◆ PROVIDED RECORDS ◆
------------------------------------------------------------
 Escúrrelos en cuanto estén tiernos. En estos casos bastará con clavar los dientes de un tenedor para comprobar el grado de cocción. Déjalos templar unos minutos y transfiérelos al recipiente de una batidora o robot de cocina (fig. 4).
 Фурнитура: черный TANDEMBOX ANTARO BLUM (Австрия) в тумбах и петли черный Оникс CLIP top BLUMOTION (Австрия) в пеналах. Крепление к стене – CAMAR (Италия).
------------------------------------------------------------
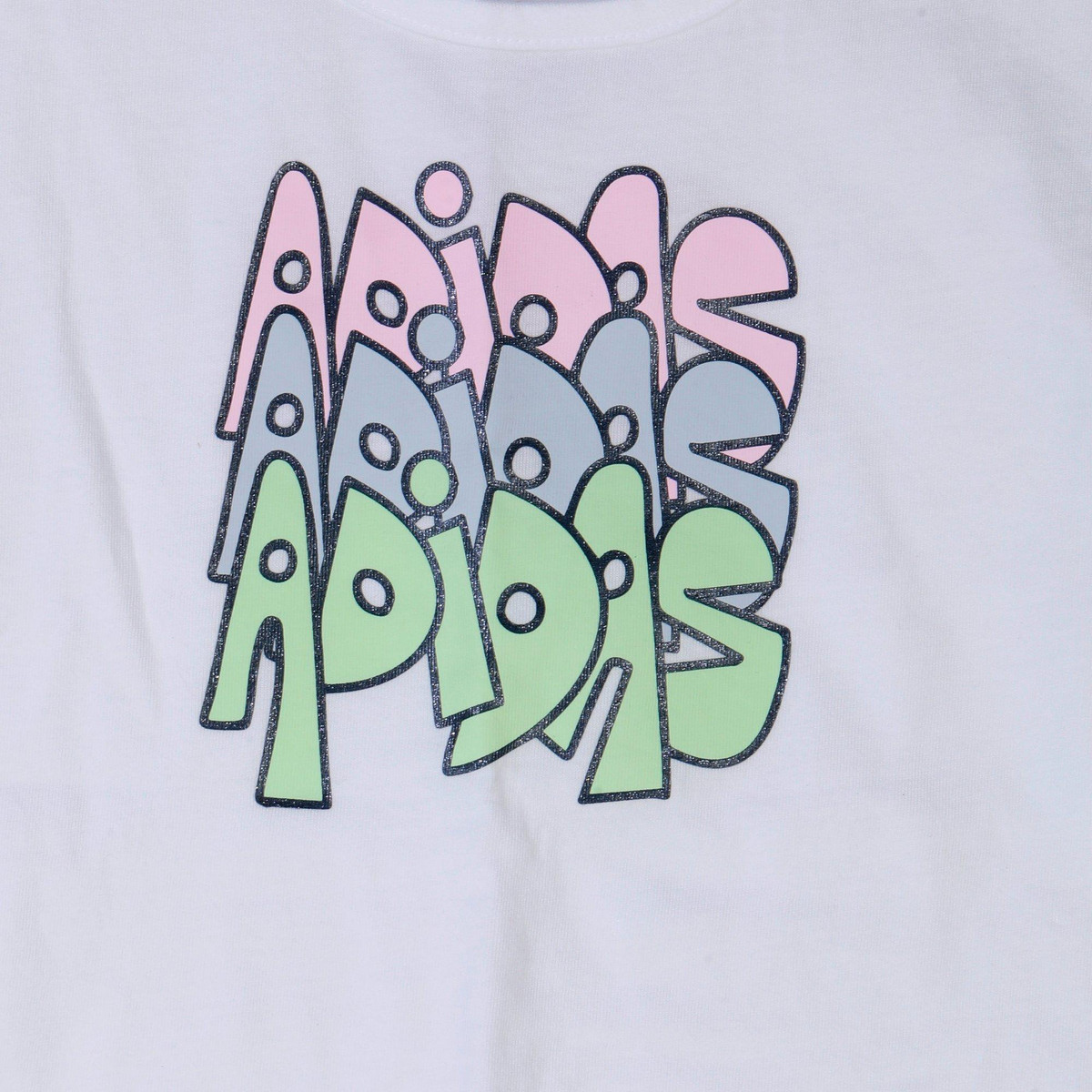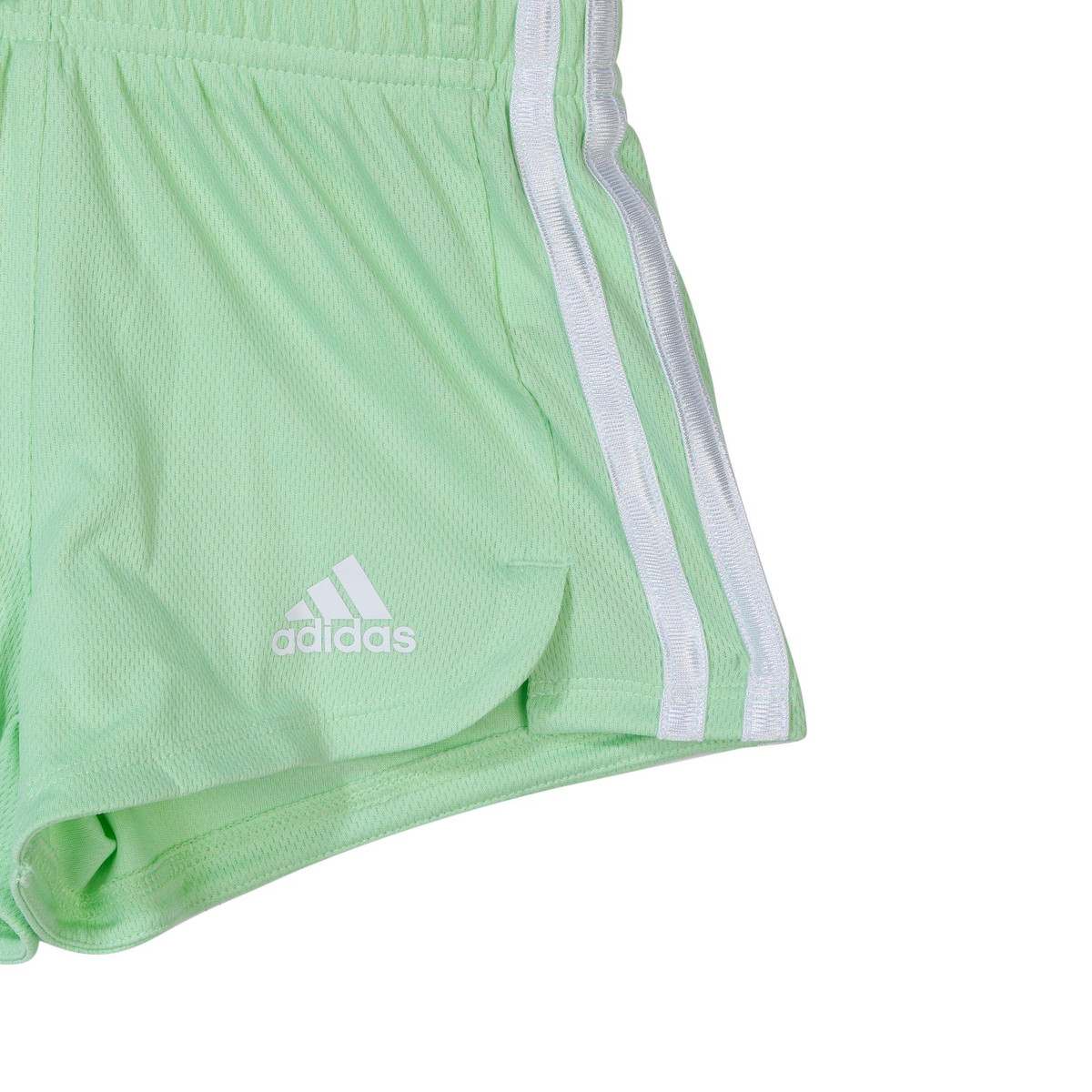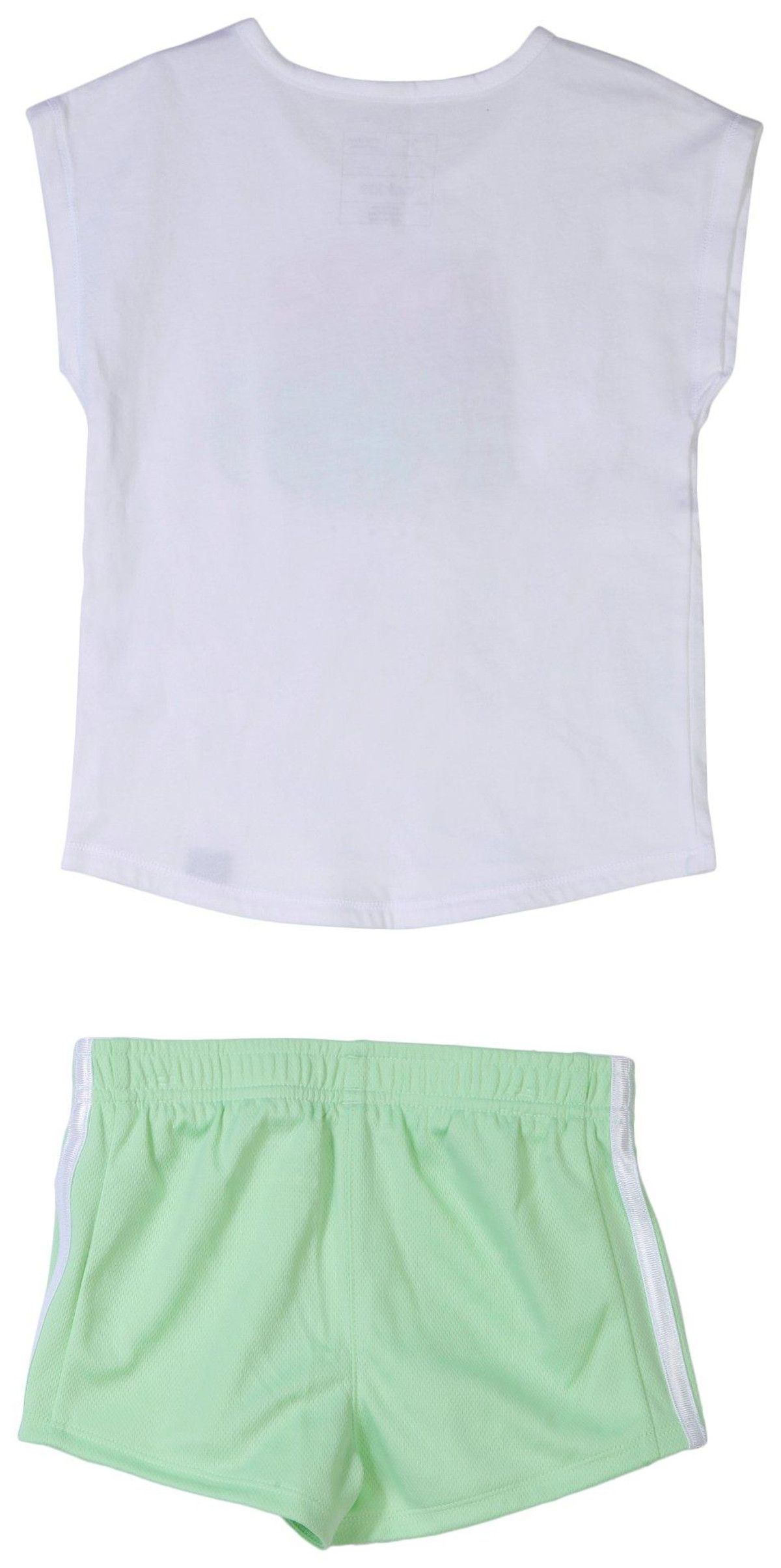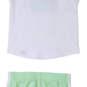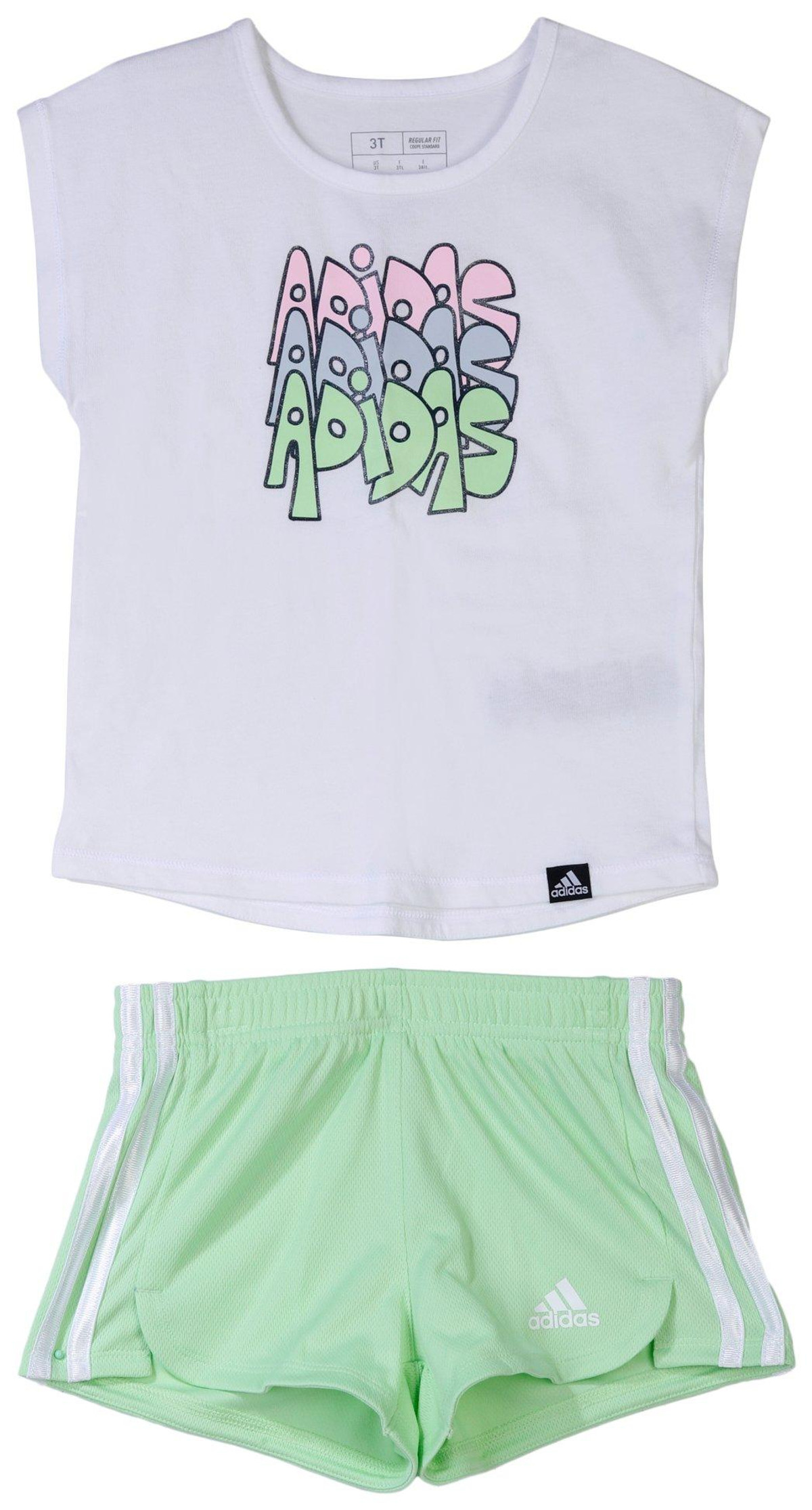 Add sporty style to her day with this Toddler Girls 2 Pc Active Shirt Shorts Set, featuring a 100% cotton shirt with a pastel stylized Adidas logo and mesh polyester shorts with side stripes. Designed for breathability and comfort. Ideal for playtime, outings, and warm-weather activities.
------------------------------------------------------------
◆ ABOUT THIS TASK ◆
Please copy, exactly as written, every line in the listing above from the line with "Escúrrelos en cuanto" up to and including the line with "Фурнитура: черный TANDEMBOX".

◆ SOLUTION TO THE EXERCISE ◆
 Escúrrelos en cuanto estén tiernos. En estos casos bastará con clavar los dientes de un tenedor para comprobar el grado de cocción. Déjalos templar unos minutos y transfiérelos al recipiente de una batidora o robot de cocina (fig. 4).
 Фурнитура: черный TANDEMBOX ANTARO BLUM (Австрия) в тумбах и петли черный Оникс CLIP top BLUMOTION (Австрия) в пеналах. Крепление к стене – CAMAR (Италия).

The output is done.